Ele afirma ainda que a análise feita pela ONU – de valorização da dignidade humana e da socialização – em relação à política de drogas não diz respeito à involuntariedade da internação, mas aos casos de clínicas de reabilitação que realizam trabalho forçado ou não remunerado de seus pacientes. O professor da Unifesp também observa que a política de redução de danos praticada no Brasil nos últimos 20 anos piorou o quadro dos usuários do país:
— Parte da sociedade quer manter por ideologia essa política que é preguiçosa. Preguiçosa por não traçar um plano de tratamento para o usuário, por não utilizar técnicas psicológicas que visam a abstinência.
Comunidades terapêuticas
Outra novidade da nova política nacional de drogas é a incorporação das comunidades terapêuticas ao Sistema Nacional de Políticas Públicas sobre Drogas (Sisnad). Estas entidades, que já recebem dependentes químicos, não se consideram de cunho social nem de saúde, e sim estabelecimentos filantrópicos.
Atualmente, existem mais de 1,8 mil comunidades terapêuticas espalhadas pelo país. Relatório de 2017 da Inspeção Nacional em Comunidades Terapêuticas encontrou violações de direitos humanos em todas as 28 unidades visitadas, como punições físicas, retenção de documentos e trabalhos forçados, além da falta de equipes mínimas essenciais ao tratamento.
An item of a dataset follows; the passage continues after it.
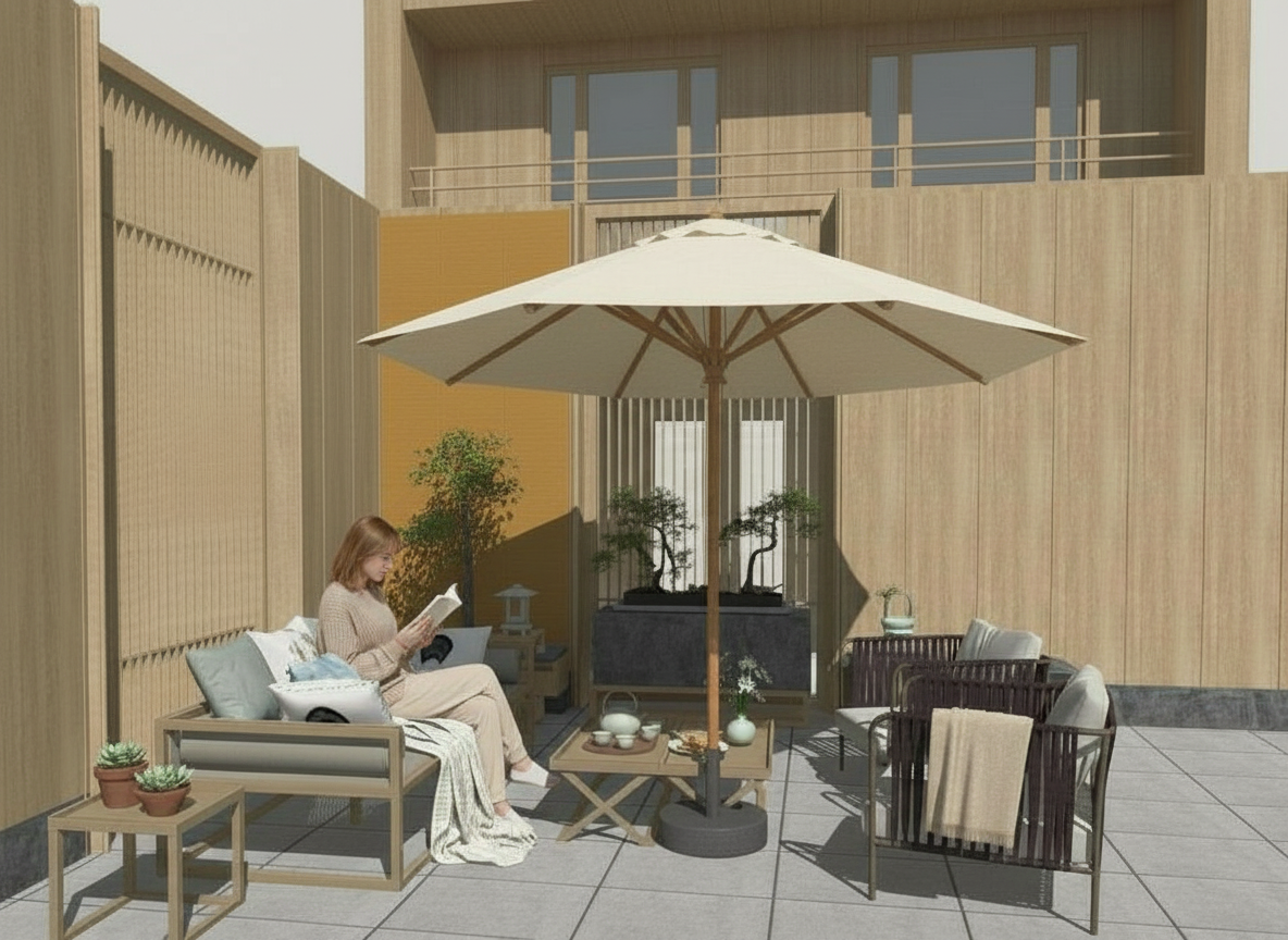 lepo dvorstie ispred lepe kuce devojka sedi na krevetu i cita knjigu

Apesar das opiniões divergentes, os três especialistas ouvidos nesta reportagem concordam que esta incorporação abala a qualidade do tratamento dispensado aos usuários de drogas. Chefe do Serviço de Psiquiatria de Adição do Hospital de Clínicas de Porto Alegre, Pechansky explica que estes espaços buscam modificar a postura e as ações dos internos, mas que isso não tem correlação clínica:
— Há comunidades sérias que contam com visita regular de médico, assistente social etc. Por outro lado, muitas não contam com o apoio de equipes multidisciplinares. E como elas são lidas como entidades filantrópicas, o grau de regulação e avaliação técnica sobre a qualidade terapêutica delas é muito vago e baixo.
Já o professor Filho resgata a história destas comunidades e explica que elas se constituíram como espaços privados, que se apresentam como de utilidade pública e que têm como valor norteador a religião — na maioria das vezes, a evangélica. Elas se opõem ao consumo de drogas e se apoiam na proposta de tolerância zero.
— As comunidades lidam com problemas de saúde pública sem passar por qualquer tipo de fiscalização da saúde. Outro problema deste projeto é que ele passará a repassar a estas casas, que trabalham na esfera privada, verba pública, já que elas passaram a fazer parte de uma política pública. Elas ganham uma força política muito grande, mas eles não apresentam a formação que deveriam para lidar com usuários de drogas — afirma o criador do Cetad.
O médico Laranjeira, por sua vez, relata que a escassez de indicadores de qualidade destes espaços é grave:
— Do jeito que essa questão está sendo implementada no Brasil, não seria feito em lugar nenhum do mundo, não seria permitido. O governo está dando dinheiro a lugares que não apresentam indicadores qualitativos do trabalho desenvolvido lá dentro.